See the Data Schema Reference for the full table including particle bin counts, raw sensor values, and other types.

Determinism — Why This Matters

WeSense stores readings in content-addressed archives. Two stations that both receive the same reading must produce byte-identical Parquet blobs, or the network stores the same data twice under different hashes. At a million nodes this would be catastrophic — it's the single invariant that must not break.

The pipeline handles most of this for you. But there are a few rules you must follow when writing an ingester.

The Rules for Ingester Authors

1. Don't modify values inside the reading dict "just before" calling pipeline.process().

If you round, truncate, or unit-convert a value, do it at the point where you decode the raw sensor data — then pass the result to the pipeline unchanged. Two ingesters handling the same sensor must apply identical preprocessing. The pipeline does not normalise numeric values; whatever you pass is what gets signed.

2. If you round, document and publish the rounding rules.

The WeSense LoRa ingester rounds sensor values to a fixed number of decimal places (temperature to 2dp, PM2.5 to 1dp, CO₂ to integer, etc.) because LoRaWAN bandwidth is limited and higher precision isn't meaningful.

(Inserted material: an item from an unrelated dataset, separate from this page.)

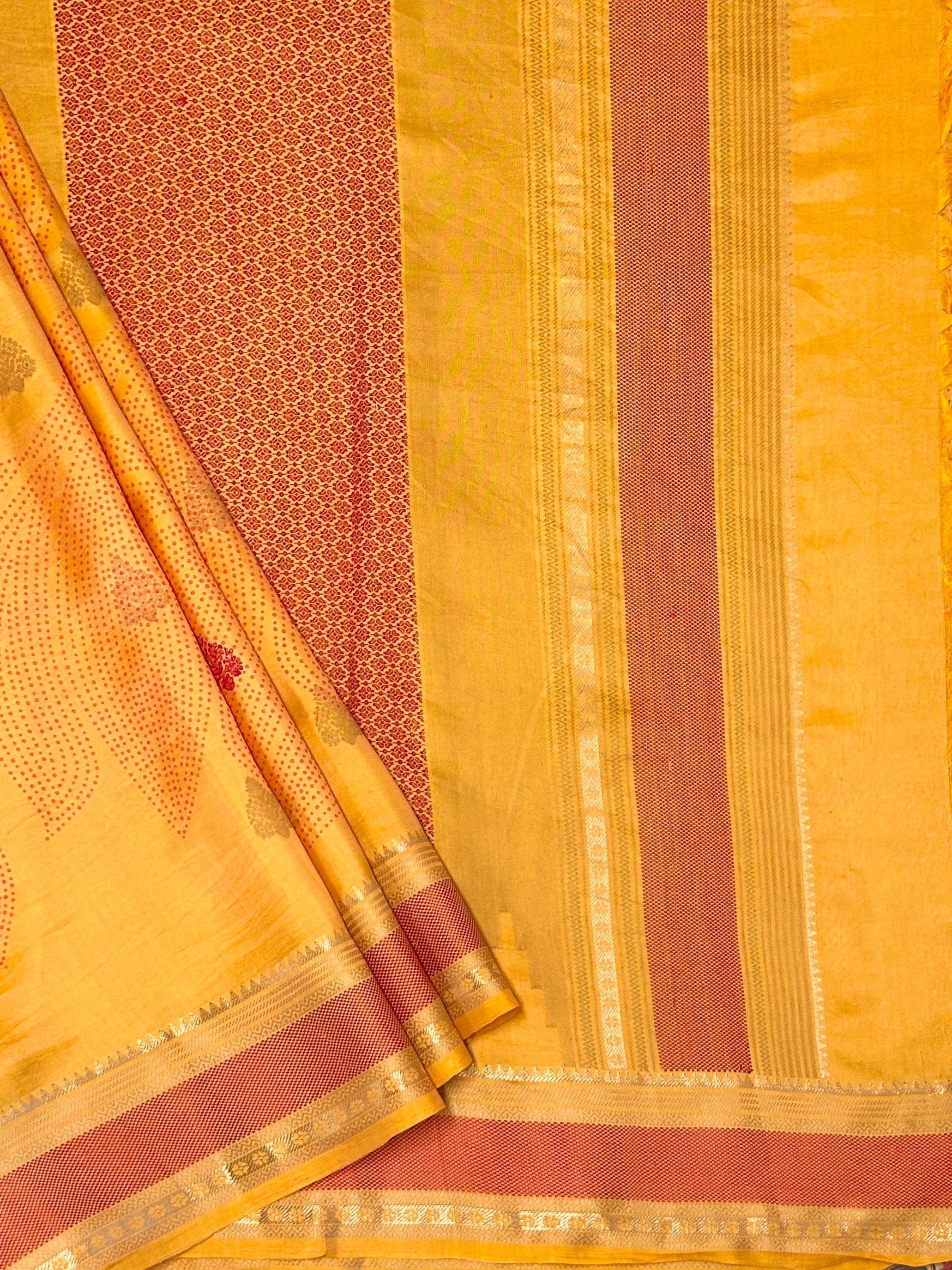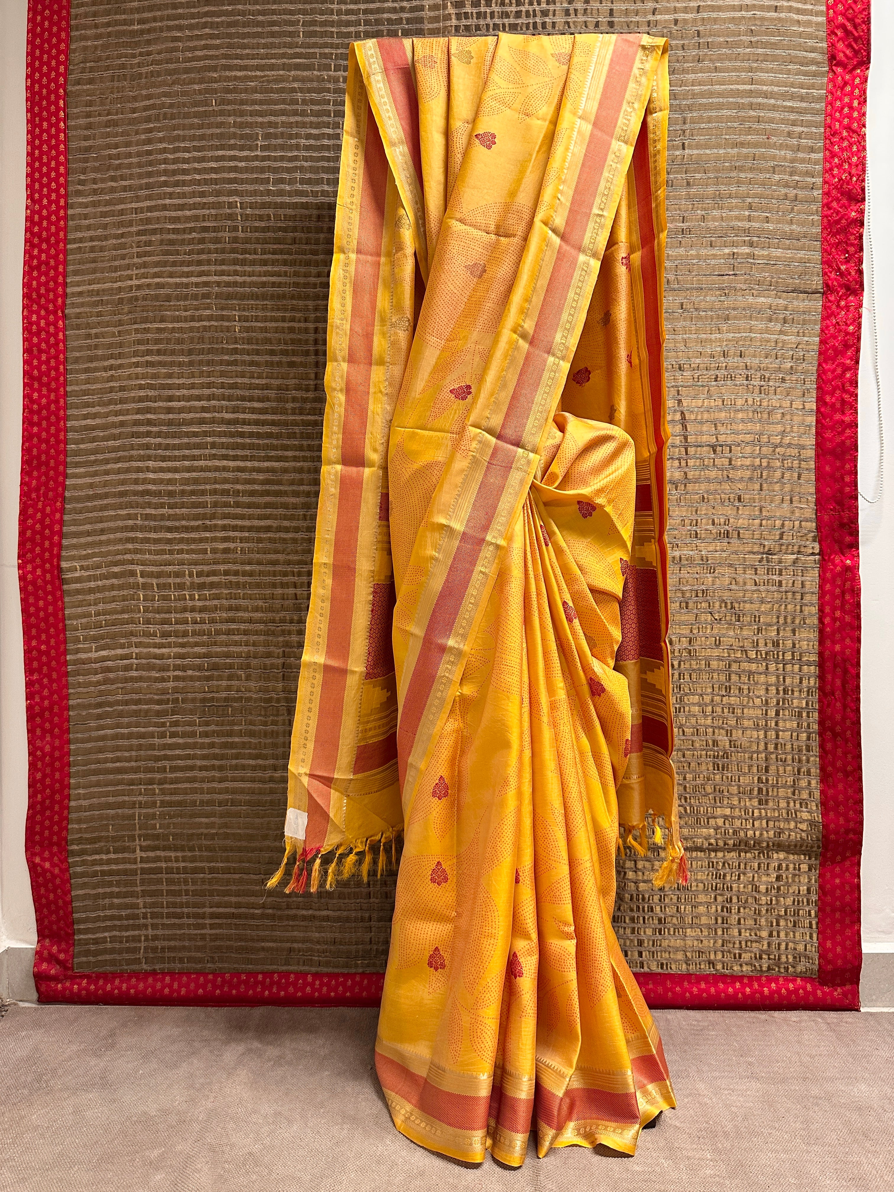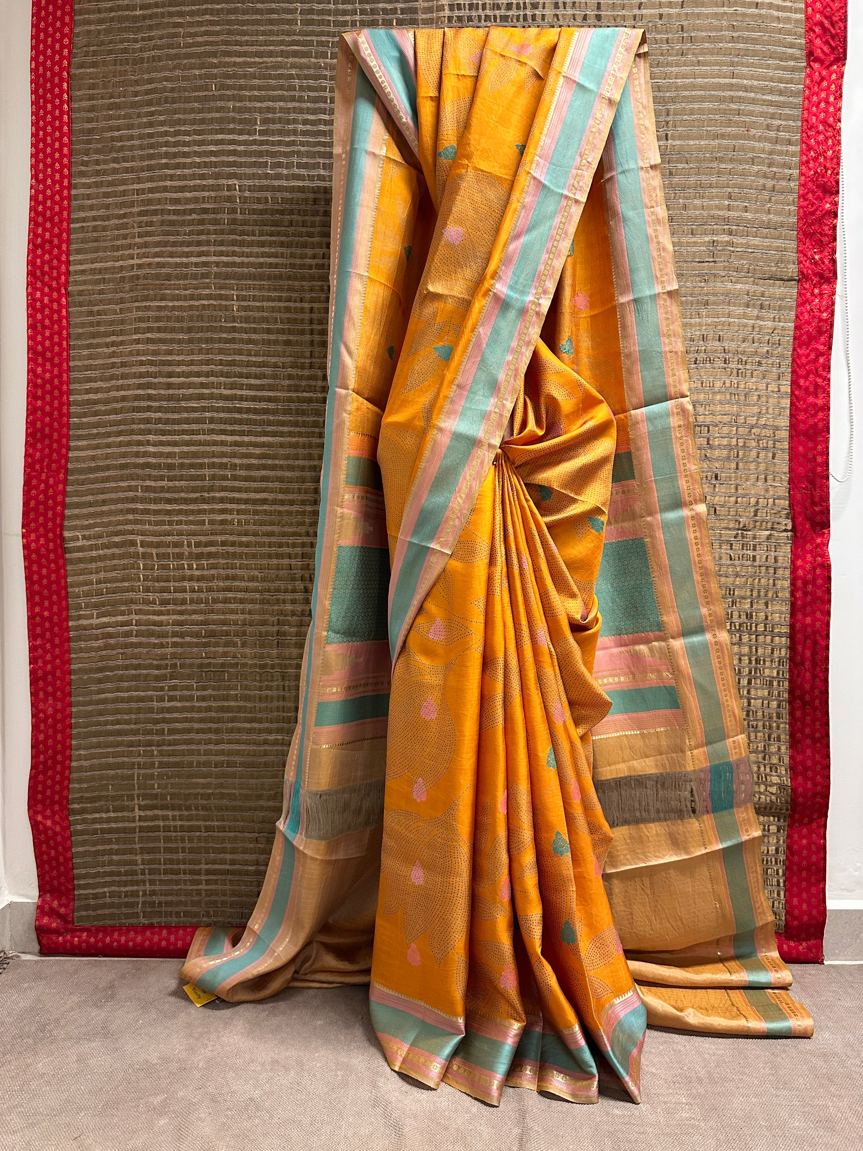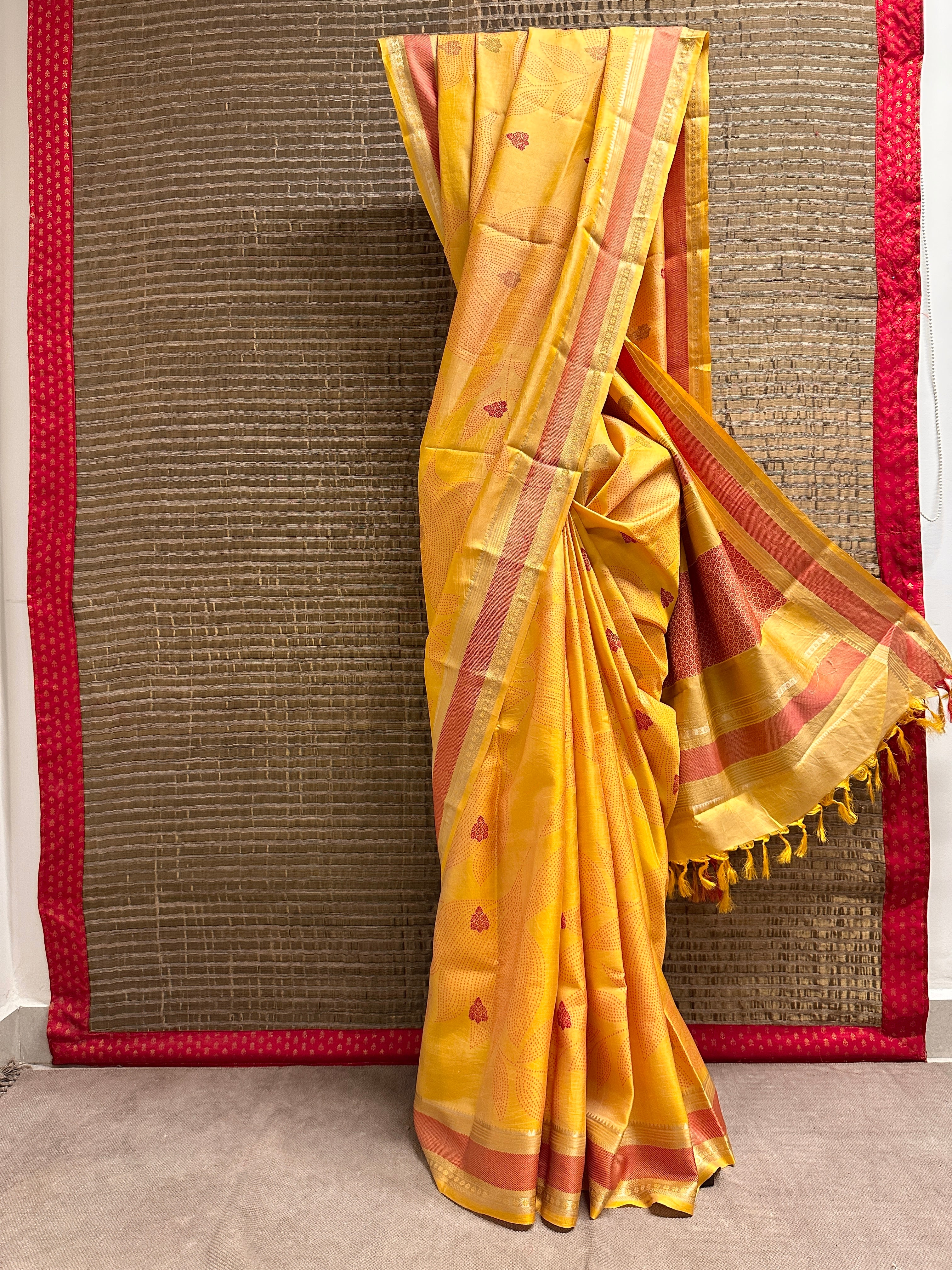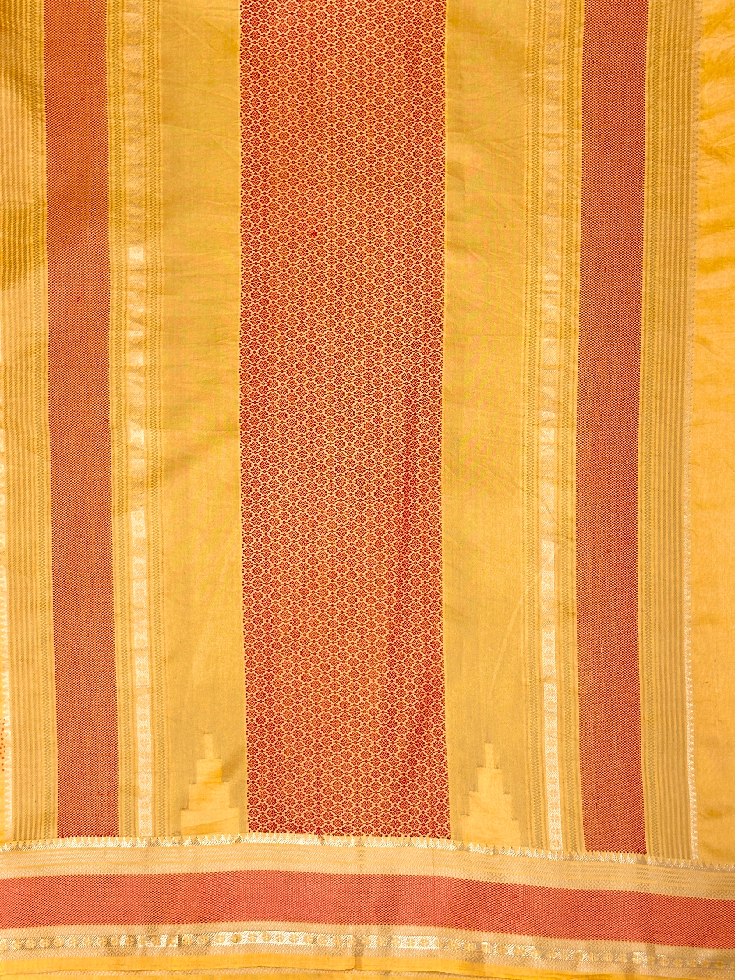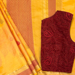 • Pallu intricately woven with traditional and elegant detailing in thread.
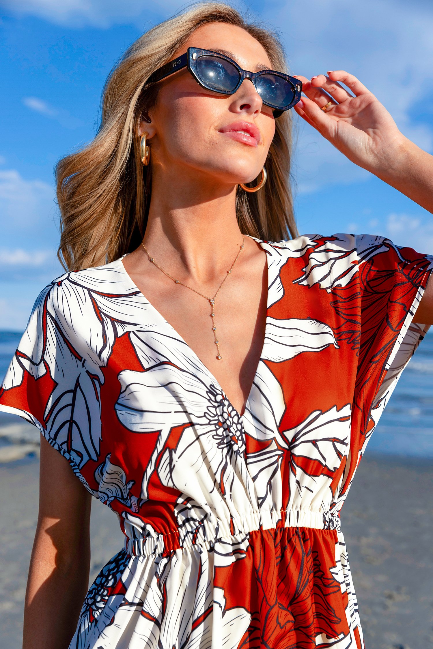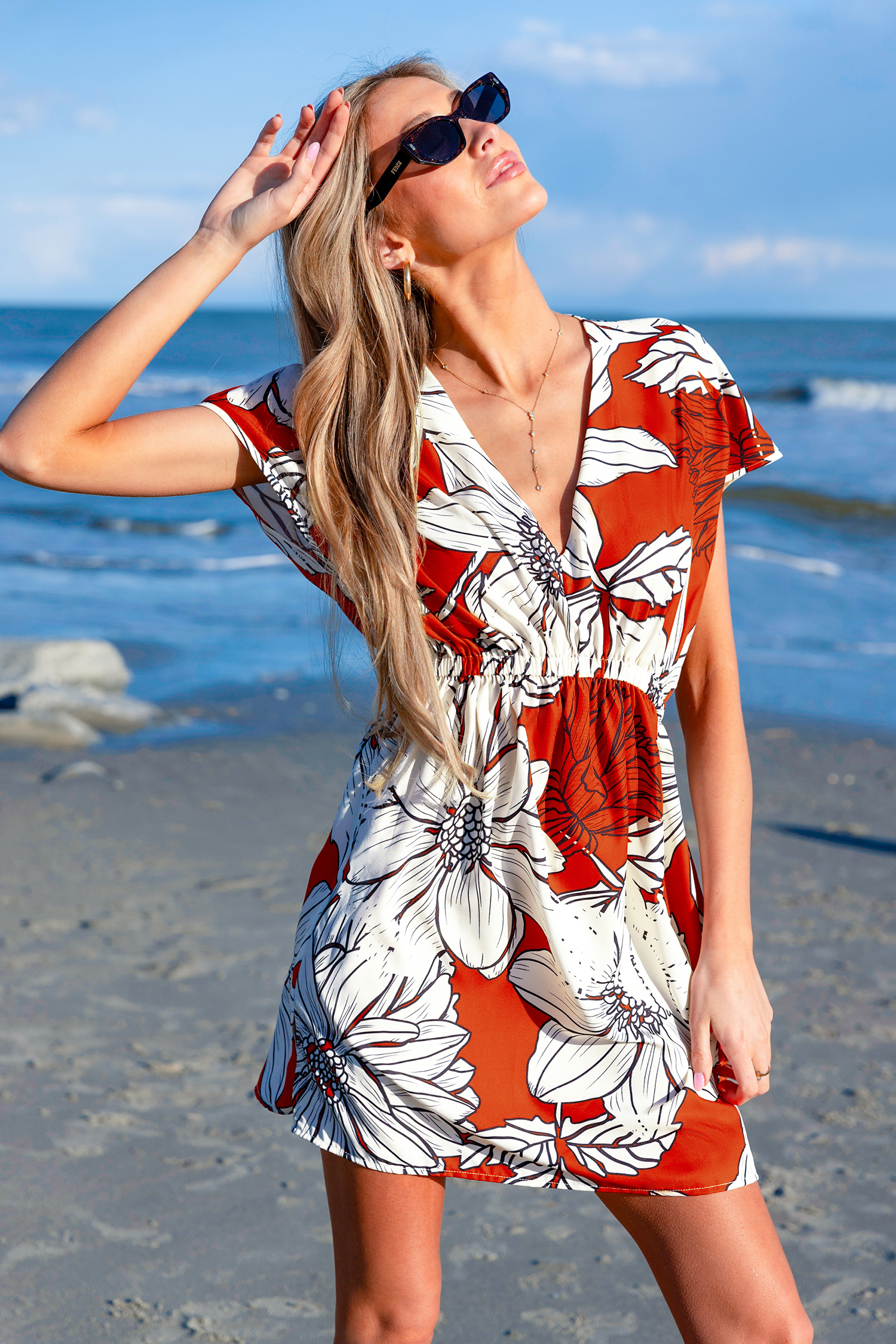 Rotes Minikleid mit großen geblümten Dolman-Ärmeln

The rules live in a READING_DECIMALS table in that ingester. Any other implementation of the same sensor decoder — including ports to other languages — must apply the same rounding. Python's round() uses banker's rounding (round half to even); if you port to Rust or Go, use the same semantics.

3. Don't duplicate an existing ingester in a different language unless you can prove byte-identical output.

If a Python ingester for the WeSense-compatible sensor X already exists, and you write a Rust ingester for the same sensor type, both ingesters processing the same physical reading MUST produce byte-identical canonical bytes. Otherwise their archives diverge and the invariant breaks. Write a regression test that feeds known sensor inputs through both implementations and compares the output of canonical_to_json().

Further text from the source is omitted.